** PROVIDED ENTRIES follows **

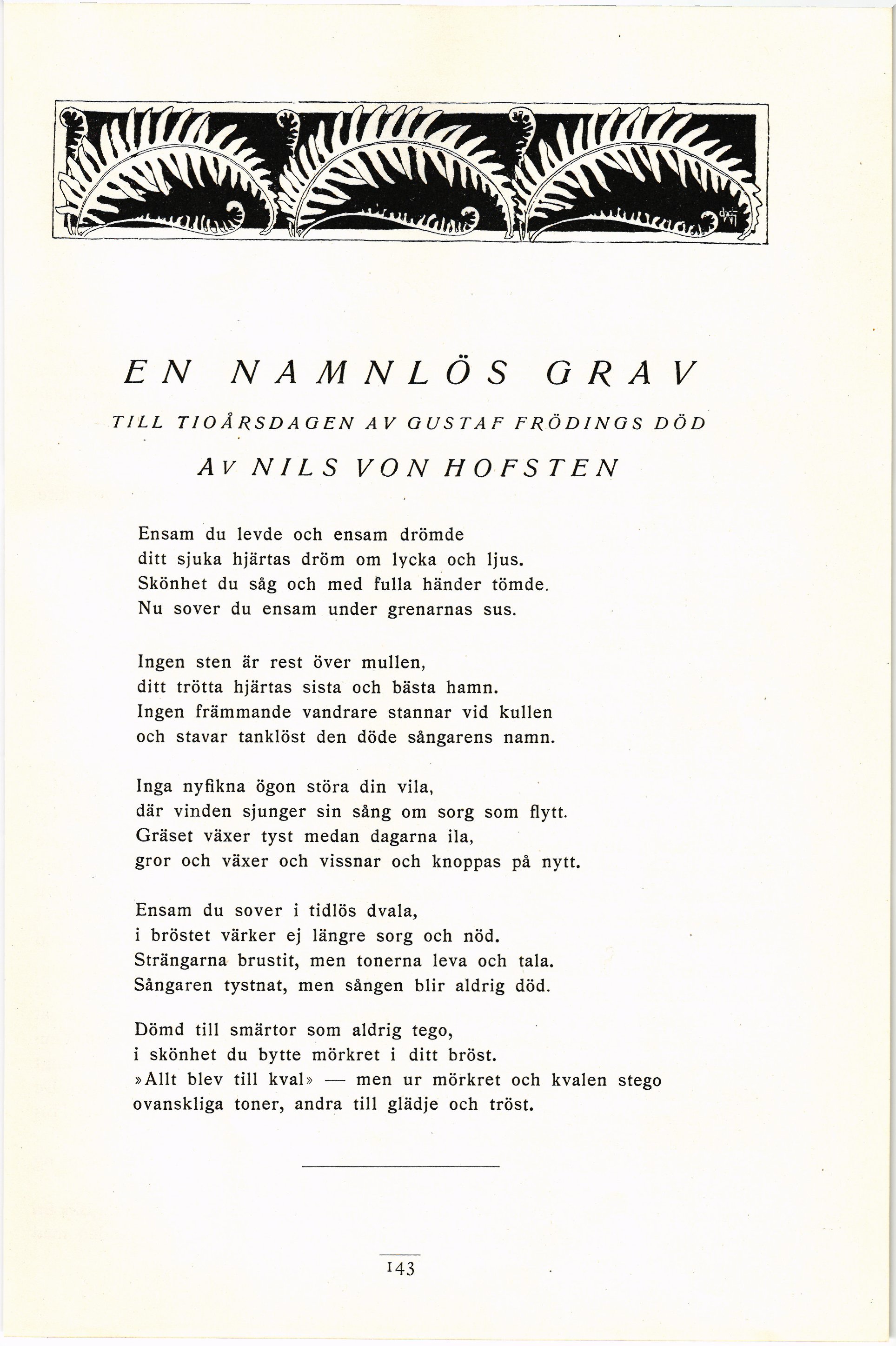 Full resolution (JPEG) - On this page / på denna sida - Tredje häftet - En namnlös grav. Till tioårsdagen av Gustaf Frödings död. Av Nils von Hofsten
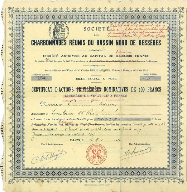Sté des Charbonnages Réunis du Bassin Nord de Bessèges
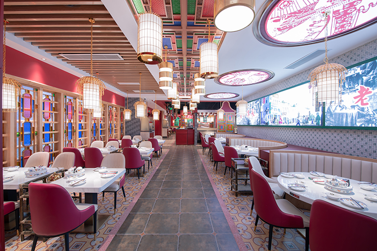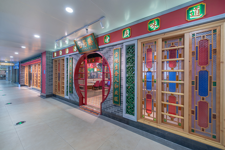 寶粵樓將嶺南園林古建筑的鑊耳山墻,廣式花窗引入整體空間裝飾中,大面積紅色、深綠色、廣式灰磚的搭配使用,將傳統廣州西關文化以時尚更精致的形式表現,為上海人民帶來了提溜鳥籠嘆早茶的“得閑飲茶”生活方式。
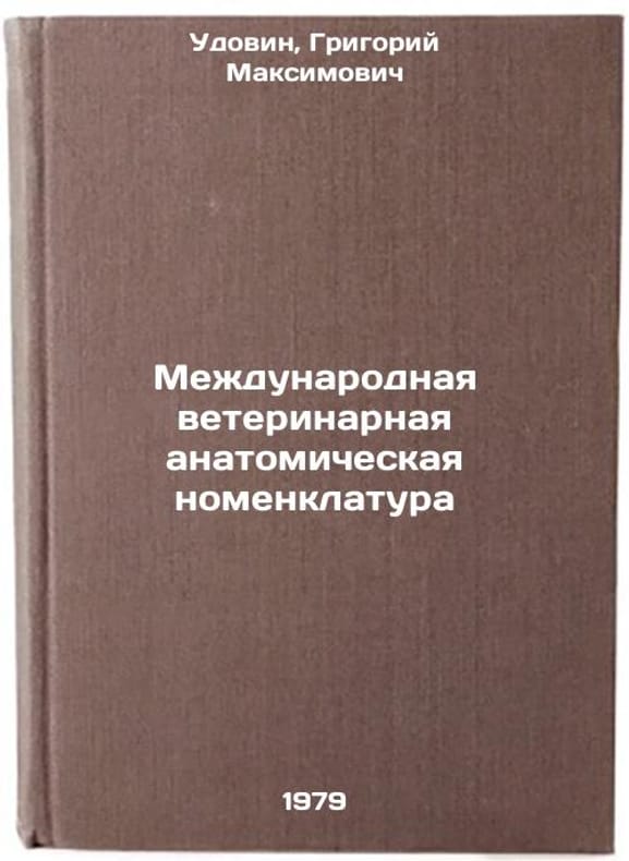In Russian. Udovin, Grigory Maksimovich. International veterinary anatomical nomenclature. Moscow: MBA, 1979 Mezhdunarodnaya veterinarnaya anatomicheskaya nomenklatura/International veterinary anatomical nomenclature In Russian. All images are for identification of editions only. Several books of the same edition may be available. Please feel free to request photos of available books. SKU7585871
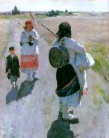«За могильною горою стоит белая избушка Белуна. Белун – старик добрый. С рассветом рано отправлялся Белун в поле. Высокий, весь белый, ходит он все утро по росистой меже, охранял каждый колос. В полдень шел Белун на пчельник, а когда спадала жара, опять возвращался на поле. Только вечером поздно приходил Белун в свою избушку».
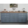 Masivní psací stůl PROVENCE je stůl vyrobený z masivního bukového dřeva, které je ošetřeno akrylovou barvou v šedomodrém odstínu, a z masivního dubového dřeva (horní deska), které je ošetřeno lakem. Díky spojení těchto dvou druhů masivního dřeva získal masivní stůl jedinečný vzhled, který zdokonalí Vaši ložnici i obývací pokoj.

** End of PROVIDED ENTRIES **

- EXERCISE -
With the images excluded, reproduce the data above precisely as written.

- RESPONSE AREA -
 Full resolution (JPEG) - On this page / på denna sida - Tredje häftet - En namnlös grav. Till tioårsdagen av Gustaf Frödings död. Av Nils von Hofsten
Sté des Charbonnages Réunis du Bassin Nord de Bessèges
 寶粵樓將嶺南園林古建筑的鑊耳山墻,廣式花窗引入整體空間裝飾中,大面積紅色、深綠色、廣式灰磚的搭配使用,將傳統廣州西關文化以時尚更精致的形式表現,為上海人民帶來了提溜鳥籠嘆早茶的“得閑飲茶”生活方式。
In Russian. Udovin, Grigory Maksimovich. International veterinary anatomical nomenclature. Moscow: MBA, 1979 Mezhdunarodnaya veterinarnaya anatomicheskaya nomenklatura/International veterinary anatomical nomenclature In Russian. All images are for identification of editions only. Several books of the same edition may be available. Please feel free to request photos of available books. SKU7585871
«За могильною горою стоит белая избушка Белуна. Белун – старик добрый. С рассветом рано отправлялся Белун в поле. Высокий, весь белый, ходит он все утро по росистой меже, охранял каждый колос. В полдень шел Белун на пчельник, а когда спадала жара, опять возвращался на поле. Только вечером поздно приходил Белун в свою избушку».
 Masivní psací stůl PROVENCE je stůl vyrobený z masivního bukového dřeva, které je ošetřeno akrylovou barvou v šedomodrém odstínu, a z masivního dubového dřeva (horní deska), které je ošetřeno lakem. Díky spojení těchto dvou druhů masivního dřeva získal masivní stůl jedinečný vzhled, který zdokonalí Vaši ložnici i obývací pokoj.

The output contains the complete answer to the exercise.